*** DATA IN THIS EXERCISE ***
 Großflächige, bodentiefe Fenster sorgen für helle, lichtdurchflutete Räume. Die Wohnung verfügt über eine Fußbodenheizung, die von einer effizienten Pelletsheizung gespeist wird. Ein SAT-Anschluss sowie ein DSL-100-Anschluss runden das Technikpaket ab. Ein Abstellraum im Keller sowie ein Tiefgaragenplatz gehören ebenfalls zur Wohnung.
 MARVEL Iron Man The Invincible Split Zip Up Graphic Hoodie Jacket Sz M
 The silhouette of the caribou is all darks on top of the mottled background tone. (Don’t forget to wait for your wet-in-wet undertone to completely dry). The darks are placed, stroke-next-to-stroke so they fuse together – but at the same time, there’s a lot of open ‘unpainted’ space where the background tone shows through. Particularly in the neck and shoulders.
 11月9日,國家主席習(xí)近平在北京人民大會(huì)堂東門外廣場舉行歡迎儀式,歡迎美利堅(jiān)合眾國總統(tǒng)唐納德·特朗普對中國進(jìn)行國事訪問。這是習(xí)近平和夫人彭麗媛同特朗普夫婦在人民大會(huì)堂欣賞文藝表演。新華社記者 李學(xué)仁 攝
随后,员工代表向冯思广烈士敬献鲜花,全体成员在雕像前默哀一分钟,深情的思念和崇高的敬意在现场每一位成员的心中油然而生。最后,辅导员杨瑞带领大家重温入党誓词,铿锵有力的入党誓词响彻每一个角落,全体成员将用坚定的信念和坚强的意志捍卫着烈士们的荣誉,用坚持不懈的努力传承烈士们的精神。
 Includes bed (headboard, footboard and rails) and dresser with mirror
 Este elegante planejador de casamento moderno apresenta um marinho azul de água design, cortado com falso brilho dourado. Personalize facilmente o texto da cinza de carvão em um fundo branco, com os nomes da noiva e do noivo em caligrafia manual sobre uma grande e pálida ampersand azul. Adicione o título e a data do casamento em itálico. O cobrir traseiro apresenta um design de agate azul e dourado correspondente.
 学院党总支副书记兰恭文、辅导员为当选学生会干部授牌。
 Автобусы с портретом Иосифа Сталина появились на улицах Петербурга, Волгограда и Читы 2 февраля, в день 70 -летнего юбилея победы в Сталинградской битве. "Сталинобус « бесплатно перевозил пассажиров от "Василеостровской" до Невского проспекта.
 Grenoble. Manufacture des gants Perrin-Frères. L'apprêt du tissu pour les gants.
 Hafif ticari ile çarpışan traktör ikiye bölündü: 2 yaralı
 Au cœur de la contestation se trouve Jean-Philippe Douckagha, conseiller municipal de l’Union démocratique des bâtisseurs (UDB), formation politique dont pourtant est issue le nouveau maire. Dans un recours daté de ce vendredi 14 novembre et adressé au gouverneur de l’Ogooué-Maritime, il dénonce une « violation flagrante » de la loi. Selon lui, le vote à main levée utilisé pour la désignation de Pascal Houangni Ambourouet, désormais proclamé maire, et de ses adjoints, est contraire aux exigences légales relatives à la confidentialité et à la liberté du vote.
*** End of DATA IN THIS EXERCISE ***
● WORK TO BE COMPLETED: Exactly as they stand above, write out the entries.

● TASK ANSWER:
 Großflächige, bodentiefe Fenster sorgen für helle, lichtdurchflutete Räume. Die Wohnung verfügt über eine Fußbodenheizung, die von einer effizienten Pelletsheizung gespeist wird. Ein SAT-Anschluss sowie ein DSL-100-Anschluss runden das Technikpaket ab. Ein Abstellraum im Keller sowie ein Tiefgaragenplatz gehören ebenfalls zur Wohnung.
 MARVEL Iron Man The Invincible Split Zip Up Graphic Hoodie Jacket Sz M
 The silhouette of the caribou is all darks on top of the mottled background tone. (Don’t forget to wait for your wet-in-wet undertone to completely dry). The darks are placed, stroke-next-to-stroke so they fuse together – but at the same time, there’s a lot of open ‘unpainted’ space where the background tone shows through. Particularly in the neck and shoulders.
 11月9日,國家主席習(xí)近平在北京人民大會(huì)堂東門外廣場舉行歡迎儀式,歡迎美利堅(jiān)合眾國總統(tǒng)唐納德·特朗普對中國進(jìn)行國事訪問。這是習(xí)近平和夫人彭麗媛同特朗普夫婦在人民大會(huì)堂欣賞文藝表演。新華社記者 李學(xué)仁 攝
随后,员工代表向冯思广烈士敬献鲜花,全体成员在雕像前默哀一分钟,深情的思念和崇高的敬意在现场每一位成员的心中油然而生。最后,辅导员杨瑞带领大家重温入党誓词,铿锵有力的入党誓词响彻每一个角落,全体成员将用坚定的信念和坚强的意志捍卫着烈士们的荣誉,用坚持不懈的努力传承烈士们的精神。
 Includes bed (headboard, footboard and rails) and dresser with mirror
 Este elegante planejador de casamento moderno apresenta um marinho azul de água design, cortado com falso brilho dourado. Personalize facilmente o texto da cinza de carvão em um fundo branco, com os nomes da noiva e do noivo em caligrafia manual sobre uma grande e pálida ampersand azul. Adicione o título e a data do casamento em itálico. O cobrir traseiro apresenta um design de agate azul e dourado correspondente.
 学院党总支副书记兰恭文、辅导员为当选学生会干部授牌。
 Автобусы с портретом Иосифа Сталина появились на улицах Петербурга, Волгограда и Читы 2 февраля, в день 70 -летнего юбилея победы в Сталинградской битве. "Сталинобус « бесплатно перевозил пассажиров от "Василеостровской" до Невского проспекта.
 Grenoble. Manufacture des gants Perrin-Frères. L'apprêt du tissu pour les gants.
 Hafif ticari ile çarpışan traktör ikiye bölündü: 2 yaralı
 Au cœur de la contestation se trouve Jean-Philippe Douckagha, conseiller municipal de l’Union démocratique des bâtisseurs (UDB), formation politique dont pourtant est issue le nouveau maire. Dans un recours daté de ce vendredi 14 novembre et adressé au gouverneur de l’Ogooué-Maritime, il dénonce une « violation flagrante » de la loi. Selon lui, le vote à main levée utilisé pour la désignation de Pascal Houangni Ambourouet, désormais proclamé maire, et de ses adjoints, est contraire aux exigences légales relatives à la confidentialité et à la liberté du vote.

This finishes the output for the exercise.